New York State legalized abortion in 1970, three years before Roe v. Wade, with a Republican governor, a Republican state Senate and a Republican Assembly passing the legislation. More than a half century later, most New Yorkers support abortion rights and we think that if offered the opportunity to explicitly put abortion rights in the state Constitution, they would certainly pass it.
Yet the Legislature, in crafting an amendment to the state Constitution after the U.S. Supreme Court wrongly overturned Roe two years ago with its terrible Dobbs decision, is proposing an amendment using only terms such as “pregnancy, pregnancy outcomes, reproductive health care and autonomy.”

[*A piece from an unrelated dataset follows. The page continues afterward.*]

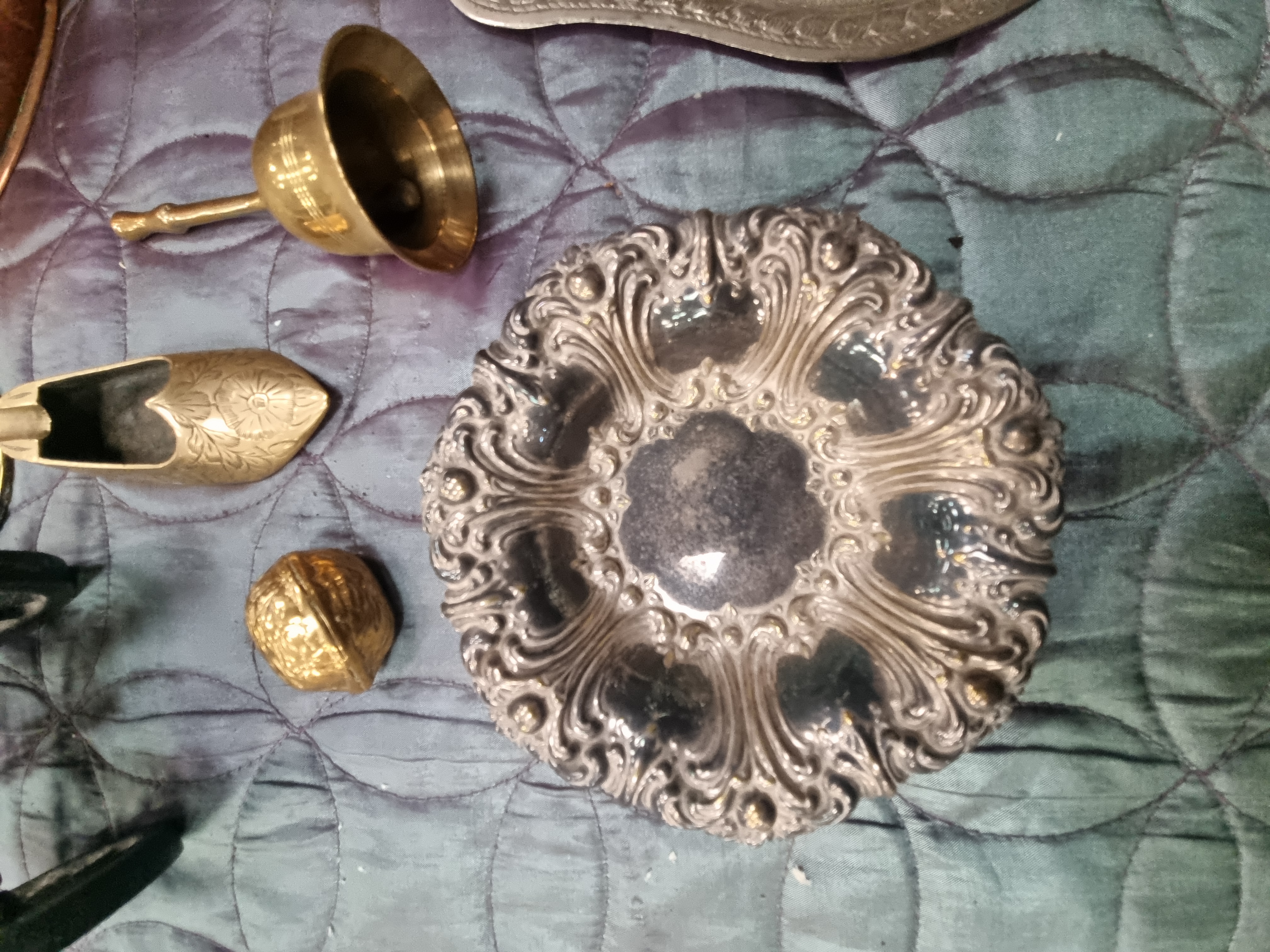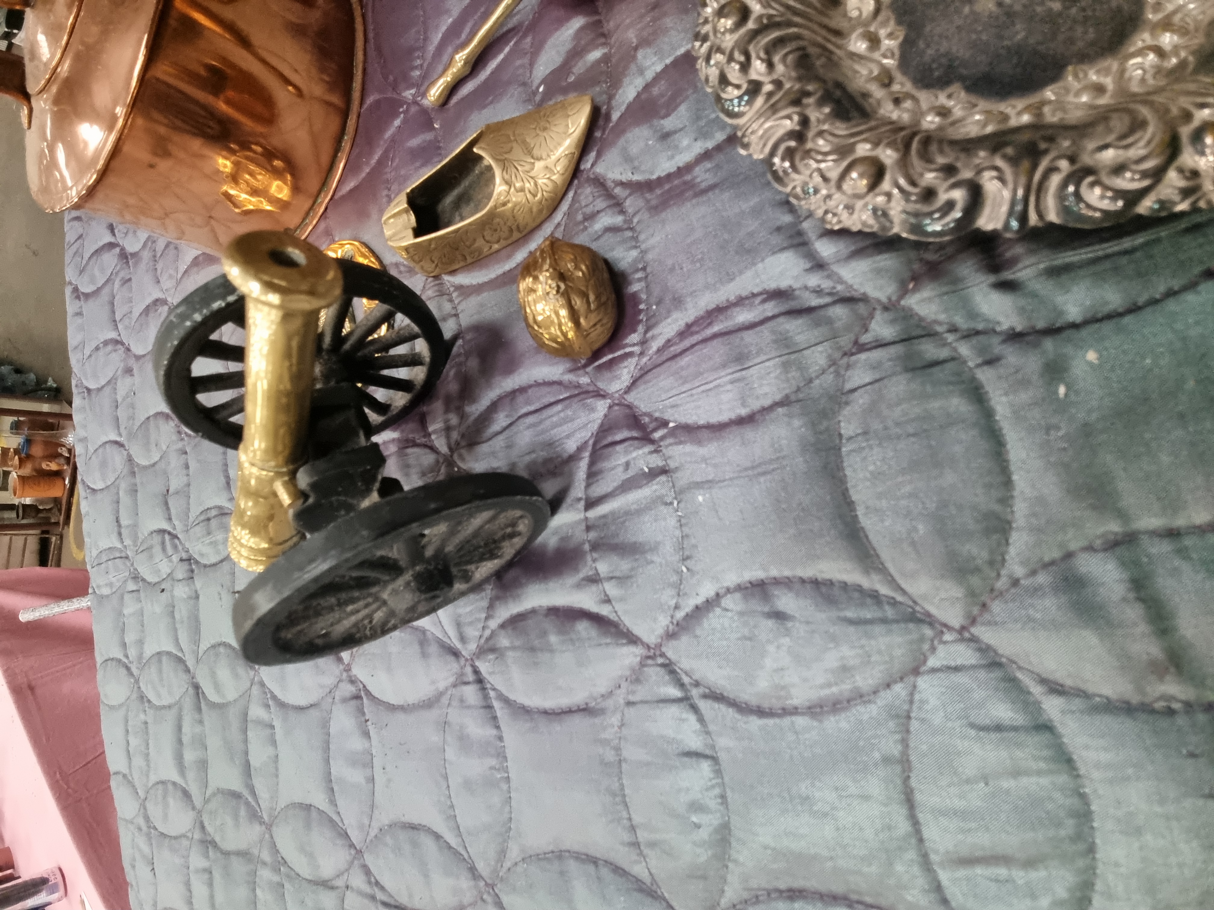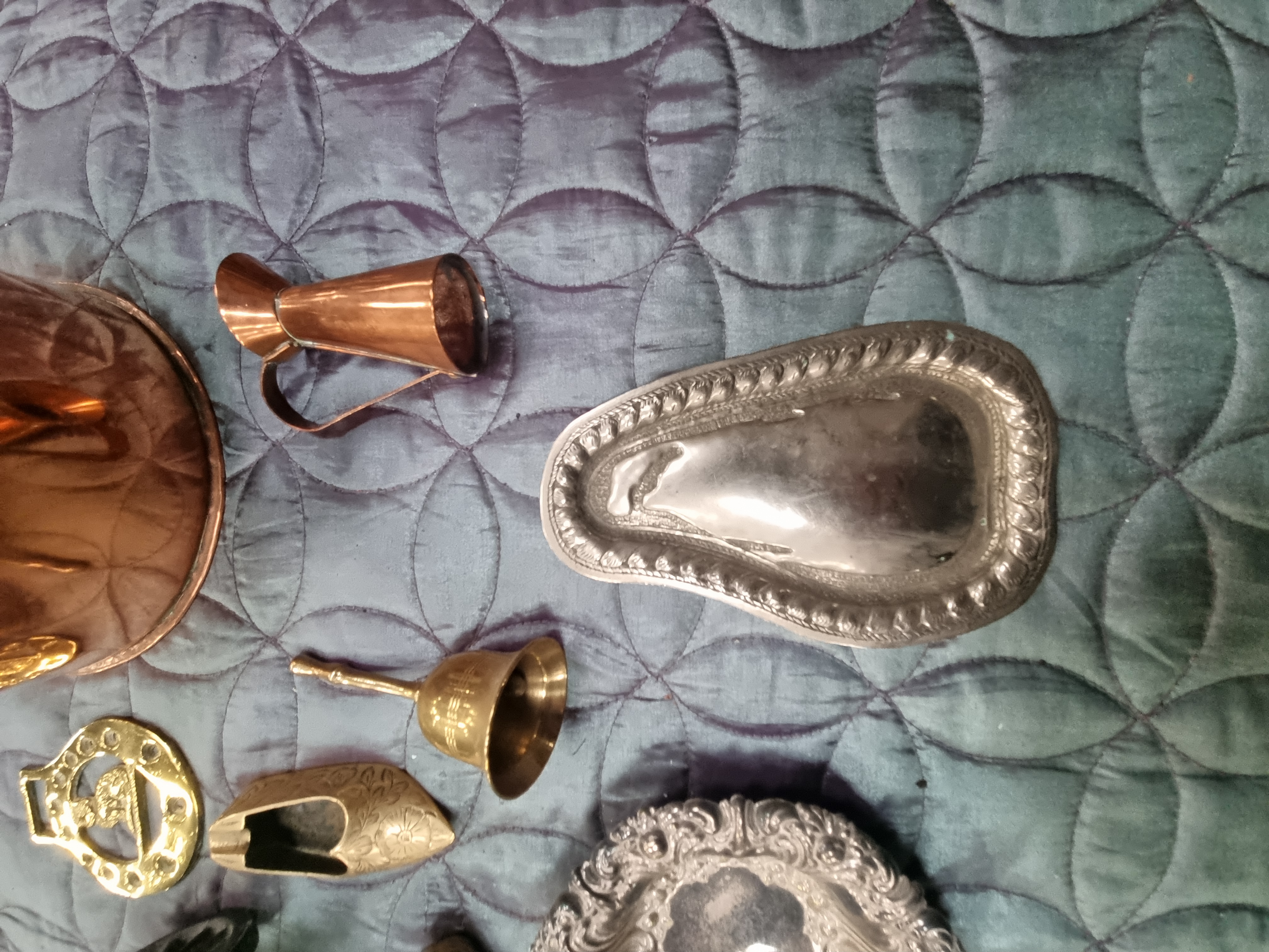This collection of metalware comprises various decorative and functional items, primarily in 19th and 20th-century British styles. The lot includes a large polished copper kettle of Victorian form, featuring a fixed strap handle, a gooseneck spout, and seamed construction. Accompanying the kettle is a small conical copper spirit measure with a simple strap handle. The silver-plated items consist of an oval tray with a raised gadrooned border and a circular dish decorated with Rococo-style repoussé scrollwork and foliate motifs. The brass and miscellaneous items include a model field cannon with a cast brass barrel and black-painted carriage, a novelty brass clog with embossed floral patterns, a small domestic handbell with a turned handle, a circular horse brass featuring a central emblem, and a small cast brass object in the shape of a walnut. No maker’s marks are visible on the exterior surfaces of these items.

The amendment doesn’t use the word “abortion,” so neither should the ballot question. The bipartisan state Board of Elections prepared language that mirrors the amendment, yet there’s a lawsuit before Acting Albany state Supreme Court Justice David Weinstein asking him to add the word “abortion” to the ballot.
Weinstein should decline. The ballot question should summarize the amendment, as it does now.
Compare this with what happened post-Dobbs in California, Kansas, Kentucky, Michigan and Ohio in 2022 and 2023. In each state, explicit abortion protections were approved by the public to be added to the state constitution with the word “abortion” or explicit abortion restrictions or limitations (again, with the word “abortion”) were rejected by the public. In every instance, the protections and the bans, the word “abortion” was used.
And in every case, the pro-choice position prevailed, with constitutional protections approved in California, Michigan and Ohio and constitutional bans rejected in Kansas and Kentucky.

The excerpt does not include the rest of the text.